Si cet épisode sanglant peut paraître
banal voire mineur au regard d’autres horreurs commises en Syrie,
l’argument auquel se raccrochent désespérément les militaires capturés
mérite une attention particulière dans la mesure où il est révélateur de
la terreur sectaire que fait régner l’insurrection.
Chaque jour, des Syriens sont assassinés par les rebelles parce qu’ils n’ont pas la « bonne » confession, en particulier les alaouites.
Partisans ou opposants au régime de
Damas, tous les Syriens le savent. En revanche, les observateurs
occidentaux préfèrent taire ou minorer cette réalité pour « ne pas faire le jeu du régime ». Et justement, « ne pas faire le jeu du régime » est devenu la devise et l’étendard de la guerre psychologique menée contre Damas.
Loin de toute considération
stratégico-idéologique, le jour de la publication de la dépêche Reuters
controversée, un opposant syrien de la ville de Hassaké interviewé par
l’agence de presse catholique Fides ayant requis l’anonymat a lui aussi constaté le caractère confessionnel et sectaire de la rébellion armée :
« Les alaouites ont subi le sort le plus dramatique : tués parce qu’alaouites. » reconnaît-il.
Et d’ajouter : « L’une
des victimes étaient un instituteur qui a beaucoup aimé la ville et a
instruit pendant de nombreuses années les enfants de toutes les
familles.

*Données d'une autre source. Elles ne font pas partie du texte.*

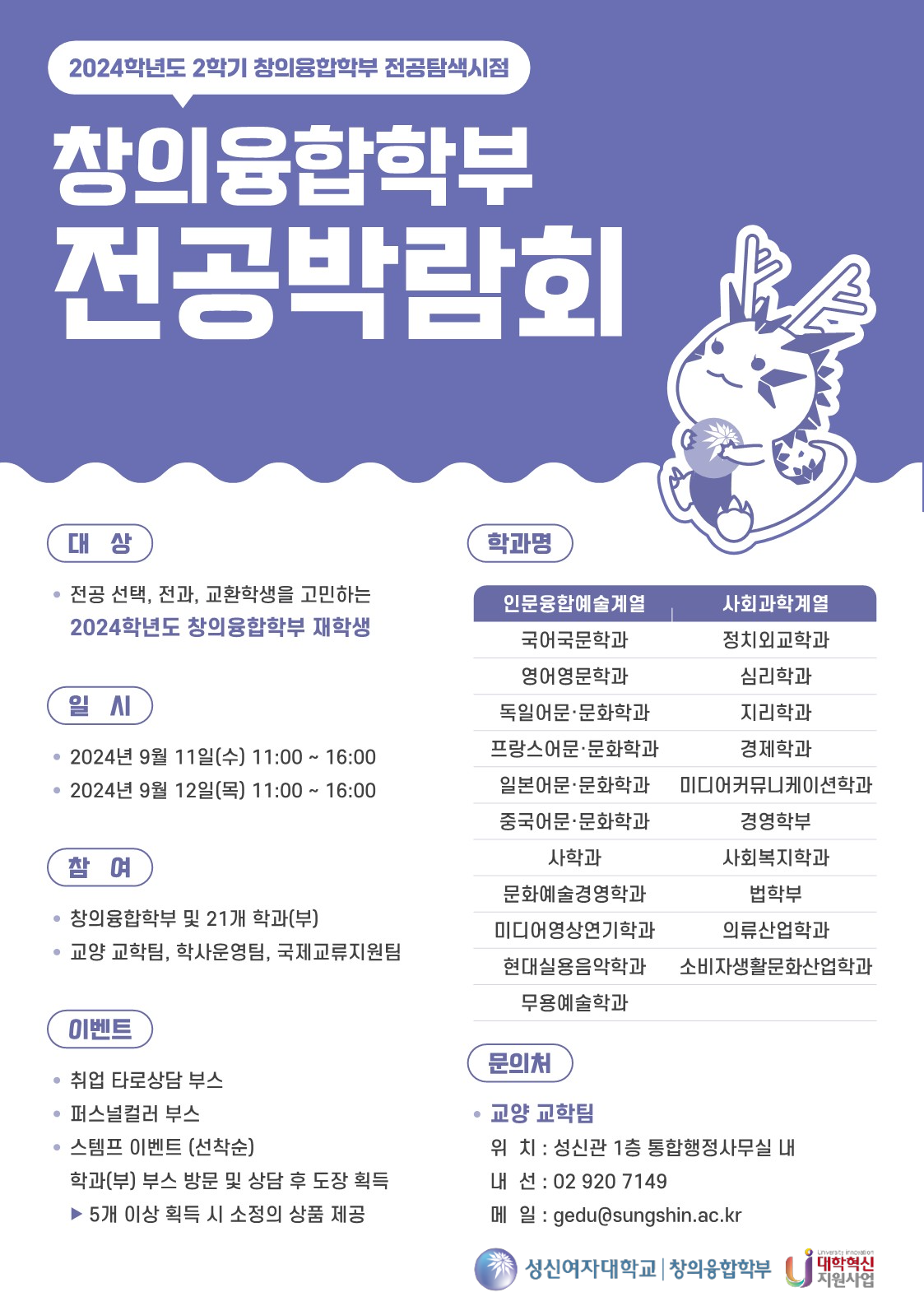 2024학년도 2학기 창의융합학부 전공 박람회 일정을 공지합니다.

Des miliciens l’ont cherché, pris et tué devant son épouse et
ses enfants qui ont été pris en otage. »
Les témoignages de ce genre qui
attestent qu’un génocide anti-alaouite est en cours nous parviennent
tous les jours de Syrie. Ils sont totalement accessibles à ceux qui
veulent bien les voir et les entendre. Pour peu que les agences de
presse comme Reuters veuillent bien les reproduire avec l’honnêteté et
la rigueur requises.
Bahar Kimyongür
Investig’Action, 3 décembre 2012.
Investig’Action, 3 décembre 2012.
Bahar Kimyongür est l’auteur de Syriana, la conquête continue, Ed. Couleur Livres & Investig’action, 2011 et porte-parole du Comité contre l’ingérence en Syrie - CIS.